Hi Fellow Nissan Lovers. I own a 1992 Nissan Maxima SE 5 speed. I bought this car brand new and have kept it stored during east coast winters. The car has 225,000 KM, and naturally is begining to show little annoyances. First the Variable Cam Covers need to be changed, (ticking sound makes it sound like a diesel when the engine is cold) But the one issue that I cannot figure out is the daytime running lights. The right headlight will shut down and my left High Beam turns on to full capacity. What is the solution? Please someone help.


----------



## Razor05 (Apr 19, 2007)

Fredab62 said:


> Hi Fellow Nissan Lovers. I own a 1992 Nissan Maxima SE 5 speed. I bought this car brand new and have kept it stored during east coast winters. The car has 225,000 KM, and naturally is begining to show little annoyances. First the Variable Cam Covers need to be changed, (ticking sound makes it sound like a diesel when the engine is cold) But the one issue that I cannot figure out is the daytime running lights. The right headlight will shut down and my left High Beam turns on to full capacity. What is the solution? Please someone help.

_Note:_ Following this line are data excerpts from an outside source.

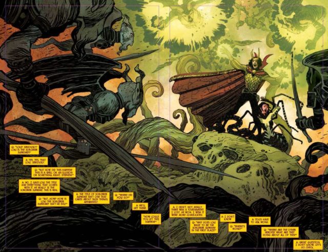 Auch die Optik ist nicht so ganz mein Fall und so sehr es inhaltlich stimmig ist, dem Doc eine neue Optik mit Vollbart und Kurzhaarfrisur zu verpassen, so irritierende ist das auch für den Leser. Es ist keinesfalls so, dass dem Artwork von Gabriel Hernandez Walta der Drive fehlen würde. Die düster gehaltene Farbgebung von Jordie Bellaire ist ebenfalls durchaus stimmig für dieses Abenteuer. Dennoch will sich nicht so recht jene Begeisterung einstellen, die die letzten Ausgaben von „Doctor Strange“ versprühten.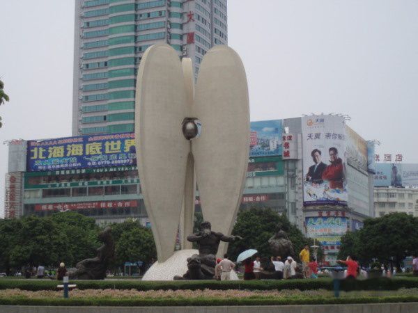 来北海之前在网上查了北海的北部湾广场的住宿好找又便宜,于是船到北海后,我们一出国际客运码头就坐上到北部湾广场的空调大巴(每人2元)。没多远就到了,下车的地方就是北海有名的北部湾广场。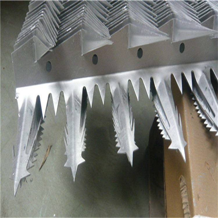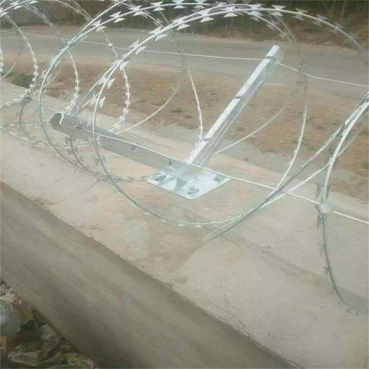 刀刺網(wǎng)支架,圍墻刀片刺網(wǎng)V型支架采用50*50mm方管做支架,方管上焊有與拉絲連接的L型鐵鉤,底座與圍墻連接采用200*200mm鋼板,大大的增強(qiáng)了支架與墻體的牢固度。V型支架里外均采用熱浸鋅處理,使支架的防腐壽命更長(zhǎng)。支架的安裝應(yīng)分段進(jìn)行:先安裝兩端的支架,然后拉線埋設(shè)中間的立柱??刂浦Ъ芘c中間支架的平面投影在一條直線上,不得出現(xiàn)參差不齊的現(xiàn)象。刀刺網(wǎng)支架在圍墻上的固定方法一般為底盤(pán)打膨脹螺絲固定。固定好后,方可進(jìn)行蛇腹形刀刺網(wǎng)安裝。安裝好支架立柱了,先把要安裝刀片刺繩的拉絲給固定上,然后利用拉絲的支撐力來(lái)安裝刀片刺繩,并用專用的卡扣、卡鉗進(jìn)行固定。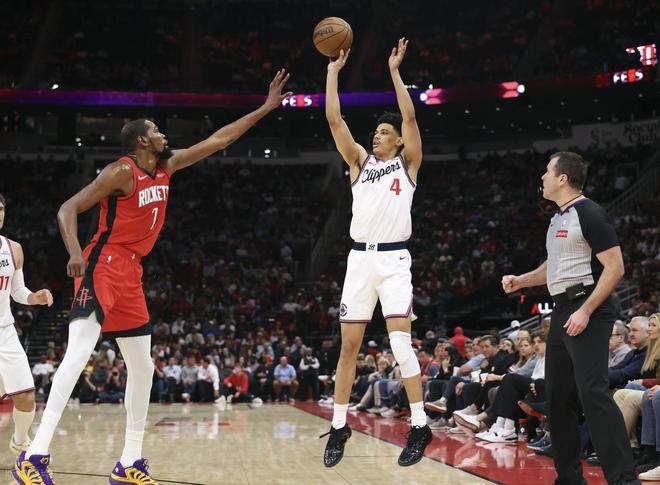 下半场易边再战,科林斯上来中投打进,但杜兰特开始找回进攻状态,连得7分,然后和申京挡拆助攻队友顺下暴扣。快船这边也是球球找小卡,两个超级巨星开始对飙,阿门暴力补扣,火箭最多领先到了6分。但此后双方陷入艰苦拉锯战,比分交替上升。申京在第三节节末连续内线强硬打进,三节结束火箭78-72领先6分。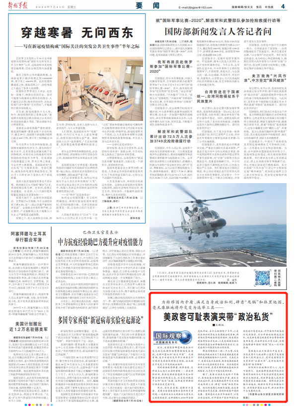 同时面临疫情肆虐、经济衰退、反种族主义怒火汹涌的窘境……在这样的时刻,某些美国政客想的不是如何解其国内的燃眉之急,而是依旧执迷于如何“改变”他国,这种违背常理的行径实在是荒唐可笑。

I had the same problem with a 94 Pathfinder I used to own. I was told in was in the daytime running light module, located on the passenger side beside the battery on the outer fender. Supposedly it was the soldered connections in the module itself. I tried resoldering all the connections I could. It did help but not 100%. I could have bought a new one ($150CDN), but I was selling the vehicle. It's something you can try.


----------



## Fredab62 (Mar 31, 2007)

Hello Razor05

Thanks for your great help. I did not know Pathfinders encountered the same problem. I never really checked with Nissan to see if this was a common problem with all their car lineup. I shall try what you suggested, and if this fails I will buy the running light module. I will let you know the outcome. Thanks again.


----------



## Razor05 (Apr 19, 2007)

Fredab62 said:


> Hello Razor05
> 
> Thanks for your great help. I did not know Pathfinders encountered the same problem. I never really checked with Nissan to see if this was a common problem with all their car lineup. I shall try what you suggested, and if this fails I will buy the running light module. I will let you know the outcome. Thanks again.


Your welcome. It was actually a Nissan mechanic who suggested that. He said that over time, those soldered joints need to be redone. You might want to check if you can return the module if that isn't it. I know here, I wasn't able to do that. I'm curious to see if that solves your problem.


----------



## mayfew (Aug 18, 2004)

I had the same problem a 99 maxima. when one of the head lights went out I replaced the bulb, but after a few minutes of driving the other headlight would go out. I was told that daytime running module was broken but the cost to replace it was too much. then I was told to change both of the bulbs at the same time with the same brand. turns out sometimes when the different brand of bulbs operate on the same circuit it "messes" with the daytime running module. After I changed both bulbs the problem went away.


----------